Livres - Mangas / Manhwa / Manhua

Le Livre des Sorcières d’Ebishi Maki

Titre : Le Livre des Sorcières

Auteur : Ebishi Maki

Traduction : Djamel Rabahi

Éditeur vf : Glénat (seinen)

Années de parution vf : 2022

Nombre de tomes vf : 3 (série terminée)

Histoire : Jean Wier est un personnage historique, médecin et opposant à la chasse aux sorcières. C’est son histoire que nous suivrons sans ce très beau seinen en 3 tomes, pour explorer le Moyen-Âge avec ses sorcières, ses loups-garous, la Peste et le combat sans fin contre l’obscurantisme.

Mon avis :

Tome 1

Férue d’Histoire, je m’intéresse toujours à chaque nouveau récit historique qui débarque chez nous et encore plus quand on touche à une période que j’aime comme la Renaissance. Ici, en s’inspirant d’un personnage célèbre Jean Wyer et son mentor Agrippa, l’autrice nous embarque dans un superbe tableau d’époque. 

Je découvre le travail de Maki Ebishi avec ce shojo, malheureusement reclassé encore une fois en seinen par l’éditeur… et j’adore. Dans cette courte série en 3 tomes, dont les deux premiers sont sortis simultanément chez nous, elle fait oeuvre de romancière historique mêlant portrait juste d’une époque lointaine et ajout de son fait pour combler les blancs, ce qu’elle fait avec singularité grâce à la dimension fantastique qu’elle instille. C’est beau et fascinant. 

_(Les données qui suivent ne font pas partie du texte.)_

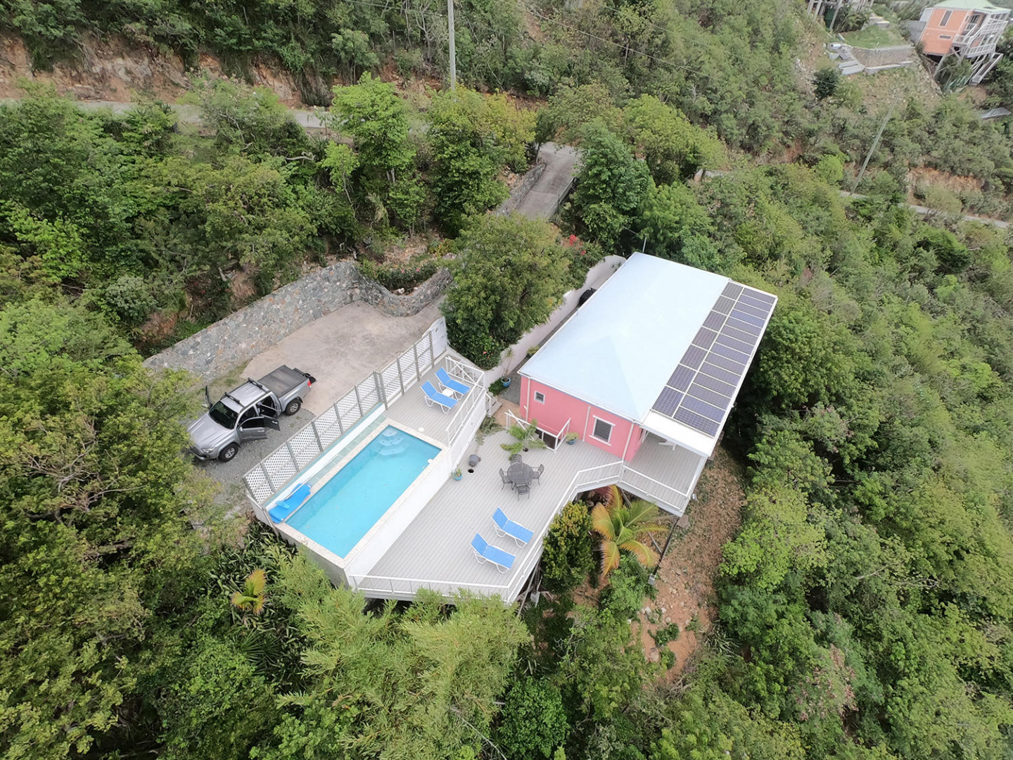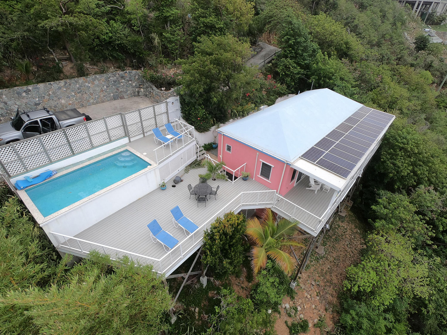 Someday Soon is a charming & comfortable villa with gorgeous views of Coral Bay and beyond. This successful short term rental features two primary bedrooms with ensuite baths, AC & king beds. Someday Soon was remodeled and redecorated in 2016 to include new furnishings, new kitchen counter tops, new expansive wrap- around deck and upgraded pool. Ample covered and uncovered deck seating to take in the gorgeous views.Someday Soon is ready for you to enjoy!

Je me suis d’entrée sentie happée dans l’ambiance de ce récit où enquête policière, sorcellerie, magie et médecine se mélangent. En effet, les connaissances des gens de la Renaissance étaient loin de valoir les nôtres et souvent la confusion entre science et fantastique était présente. C’est ce qu’elle cherche à mettre en scène ici en faisant un tableau passionnant. Pour cela, elle utilise ce qui nous apparaît comme un jeune médecin : Jean Wyer, qui est en fait un personnage célèbre parvenu jusqu’à nous et qu’on connaît pour sa défense des « sorcières ».

 Avec lui, elle nous embarque dans une aventure singulière et fascinante entre passé et présent, entre science et fantastique, entre médecine et magie. Jean est en effet dépêché par son illustre protecteur pour aller résoudre le mystère des attaques d’un soit disant Loup-garou. C’est l’occasion pour lui de montrer sa science en menant l’enquête et pour nous lecteur de replonger dans son passé aux côtés de celui qui lui a tout appris, mais également de celle qui a suscité sa vocation.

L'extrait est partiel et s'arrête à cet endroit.